Segment Start: Records to use

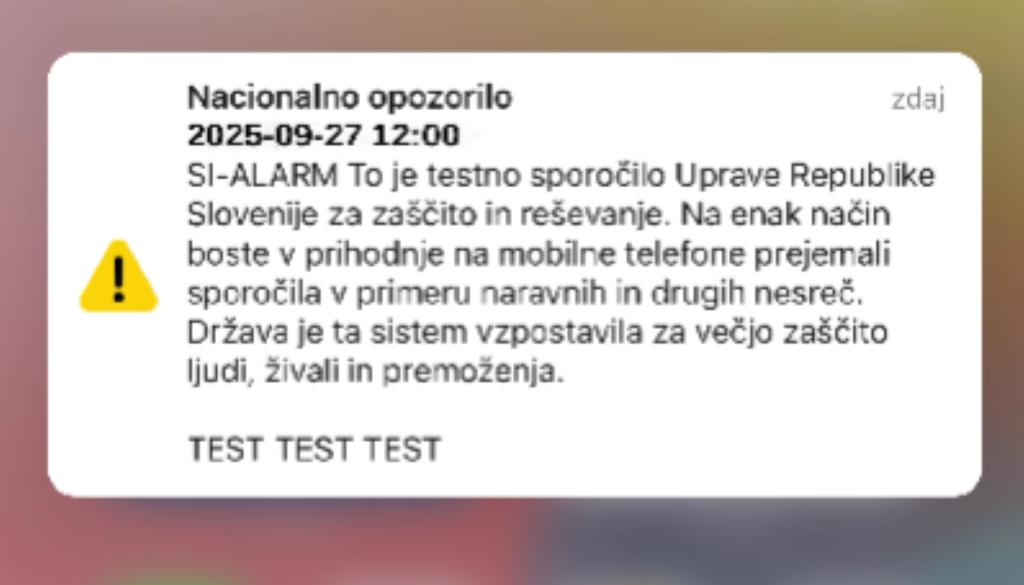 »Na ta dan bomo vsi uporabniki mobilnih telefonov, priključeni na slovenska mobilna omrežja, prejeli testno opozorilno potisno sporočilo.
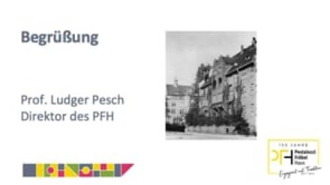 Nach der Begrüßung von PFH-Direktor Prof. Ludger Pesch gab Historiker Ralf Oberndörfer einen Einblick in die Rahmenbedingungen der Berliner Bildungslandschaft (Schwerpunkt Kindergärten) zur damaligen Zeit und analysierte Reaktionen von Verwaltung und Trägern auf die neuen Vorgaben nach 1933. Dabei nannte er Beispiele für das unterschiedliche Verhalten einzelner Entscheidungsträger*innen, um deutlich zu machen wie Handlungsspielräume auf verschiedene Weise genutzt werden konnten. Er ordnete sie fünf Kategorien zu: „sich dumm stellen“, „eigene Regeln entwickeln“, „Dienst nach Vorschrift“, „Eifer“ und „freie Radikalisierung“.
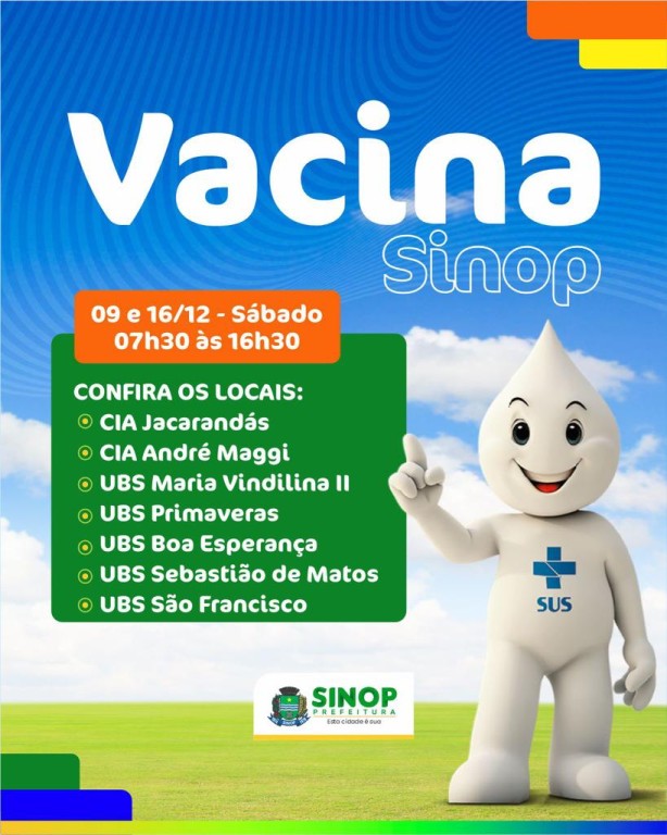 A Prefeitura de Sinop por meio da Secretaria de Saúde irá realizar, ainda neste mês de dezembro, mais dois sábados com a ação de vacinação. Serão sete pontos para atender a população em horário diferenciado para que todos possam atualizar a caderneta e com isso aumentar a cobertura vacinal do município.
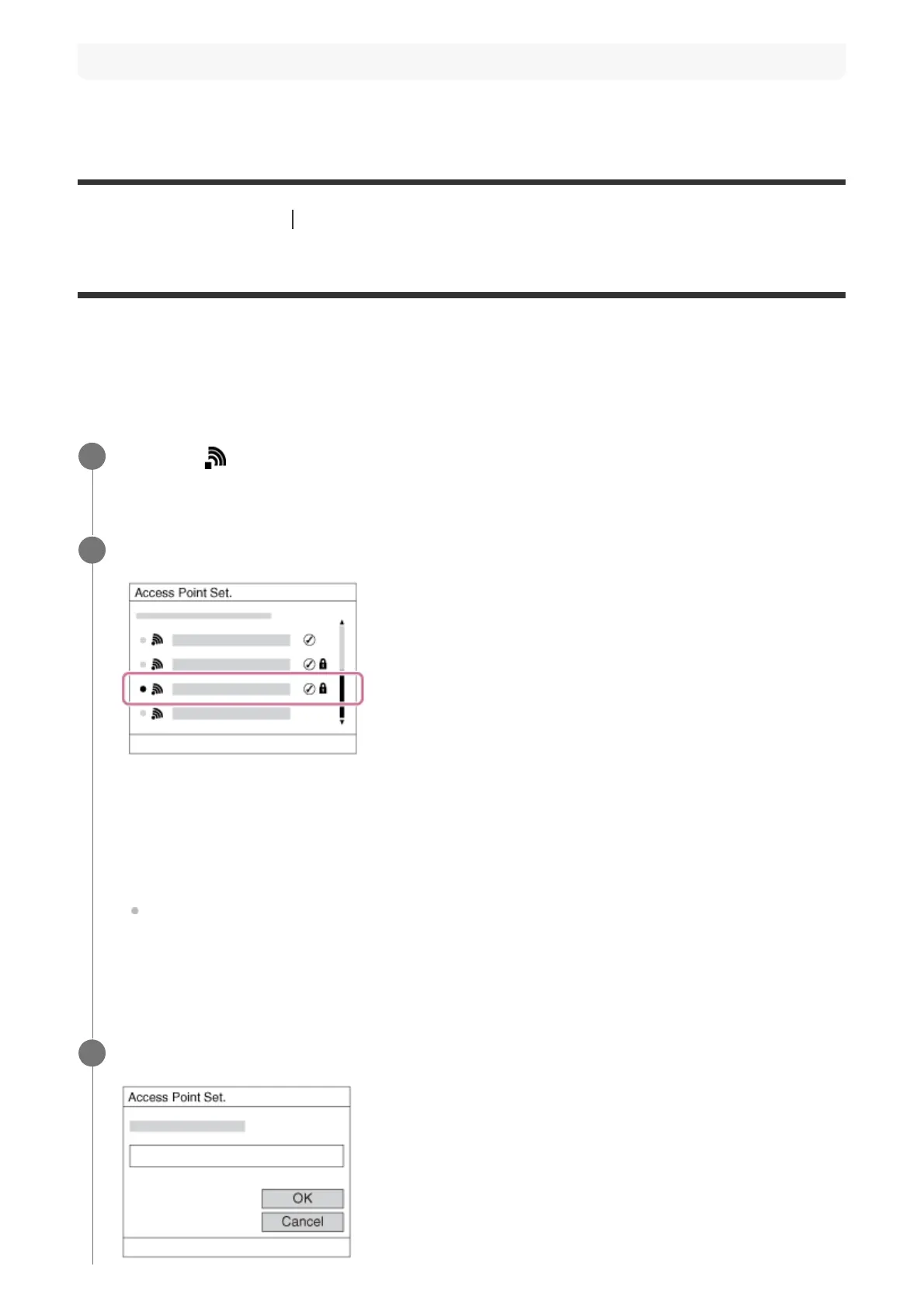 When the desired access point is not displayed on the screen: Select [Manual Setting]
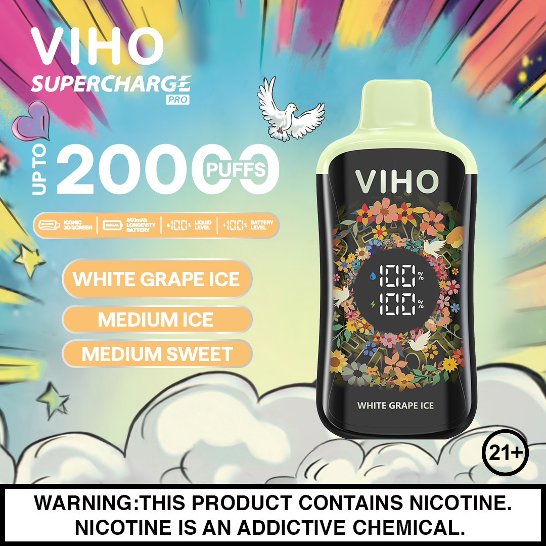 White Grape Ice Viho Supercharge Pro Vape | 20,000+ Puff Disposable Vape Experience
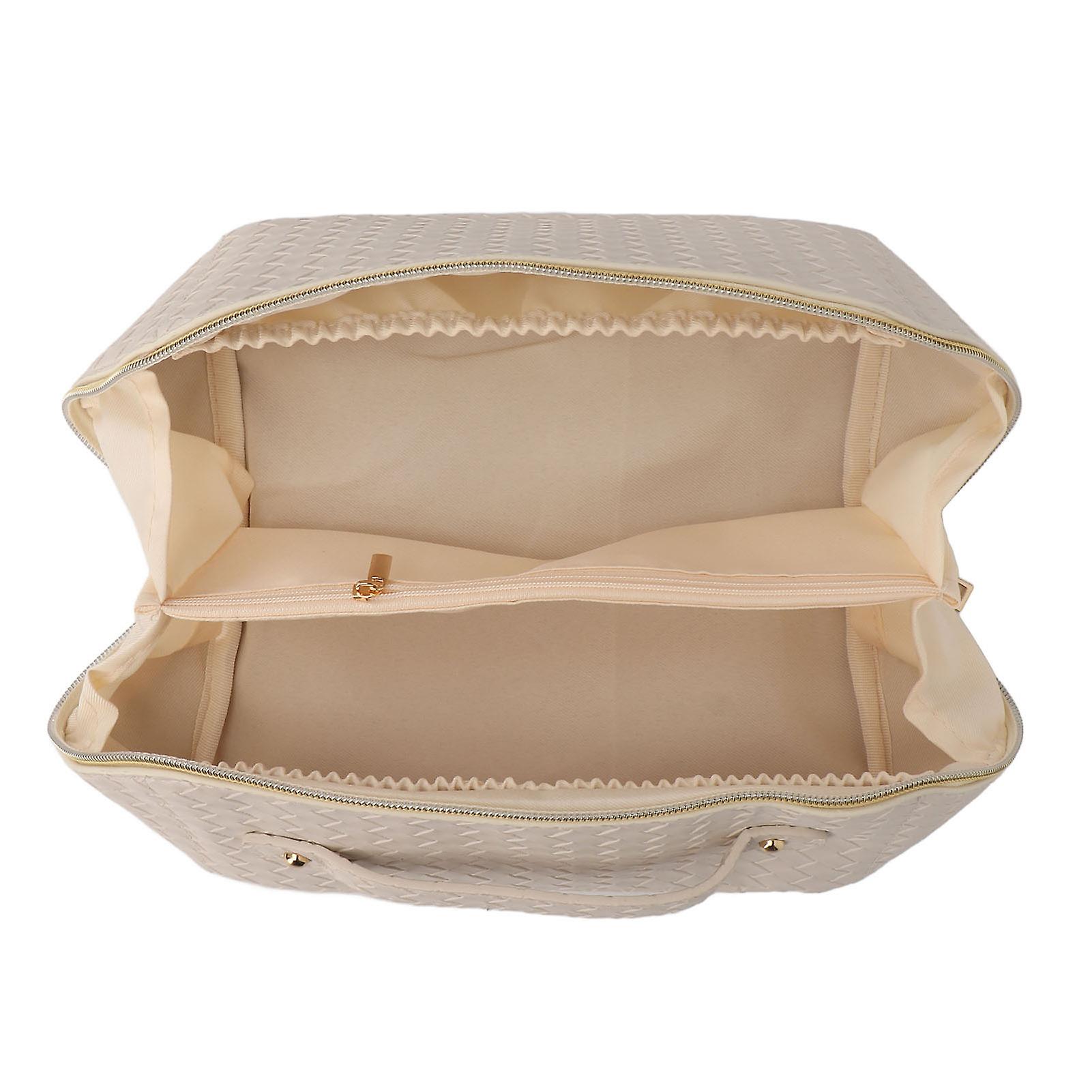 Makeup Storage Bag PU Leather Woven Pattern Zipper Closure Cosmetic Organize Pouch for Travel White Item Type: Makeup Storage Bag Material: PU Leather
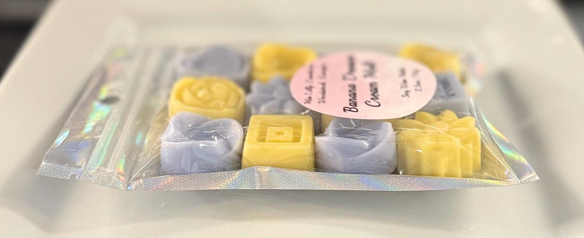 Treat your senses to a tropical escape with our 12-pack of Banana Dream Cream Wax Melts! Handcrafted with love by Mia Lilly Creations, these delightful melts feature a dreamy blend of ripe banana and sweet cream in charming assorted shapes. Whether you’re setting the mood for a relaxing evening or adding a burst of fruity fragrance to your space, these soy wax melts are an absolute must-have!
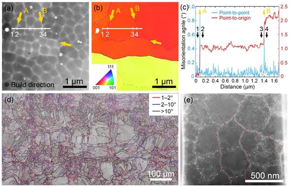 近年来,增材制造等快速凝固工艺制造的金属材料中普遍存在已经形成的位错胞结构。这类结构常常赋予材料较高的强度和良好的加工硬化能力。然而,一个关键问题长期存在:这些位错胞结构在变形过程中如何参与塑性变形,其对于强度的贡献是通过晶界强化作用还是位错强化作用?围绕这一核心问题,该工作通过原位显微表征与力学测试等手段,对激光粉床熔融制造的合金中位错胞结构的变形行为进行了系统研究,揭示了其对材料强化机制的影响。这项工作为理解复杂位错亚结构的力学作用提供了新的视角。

Segment End: Records to use

**Problem statement**
Pictures excluded, return exactly the lines from the one with "Makeup Storage Bag PU" through the final line of the entries above, both included.

**Response to this task**
 Makeup Storage Bag PU Leather Woven Pattern Zipper Closure Cosmetic Organize Pouch for Travel White Item Type: Makeup Storage Bag Material: PU Leather
 Treat your senses to a tropical escape with our 12-pack of Banana Dream Cream Wax Melts! Handcrafted with love by Mia Lilly Creations, these delightful melts feature a dreamy blend of ripe banana and sweet cream in charming assorted shapes. Whether you’re setting the mood for a relaxing evening or adding a burst of fruity fragrance to your space, these soy wax melts are an absolute must-have!
 近年来,增材制造等快速凝固工艺制造的金属材料中普遍存在已经形成的位错胞结构。这类结构常常赋予材料较高的强度和良好的加工硬化能力。然而,一个关键问题长期存在:这些位错胞结构在变形过程中如何参与塑性变形,其对于强度的贡献是通过晶界强化作用还是位错强化作用?围绕这一核心问题,该工作通过原位显微表征与力学测试等手段,对激光粉床熔融制造的合金中位错胞结构的变形行为进行了系统研究,揭示了其对材料强化机制的影响。这项工作为理解复杂位错亚结构的力学作用提供了新的视角。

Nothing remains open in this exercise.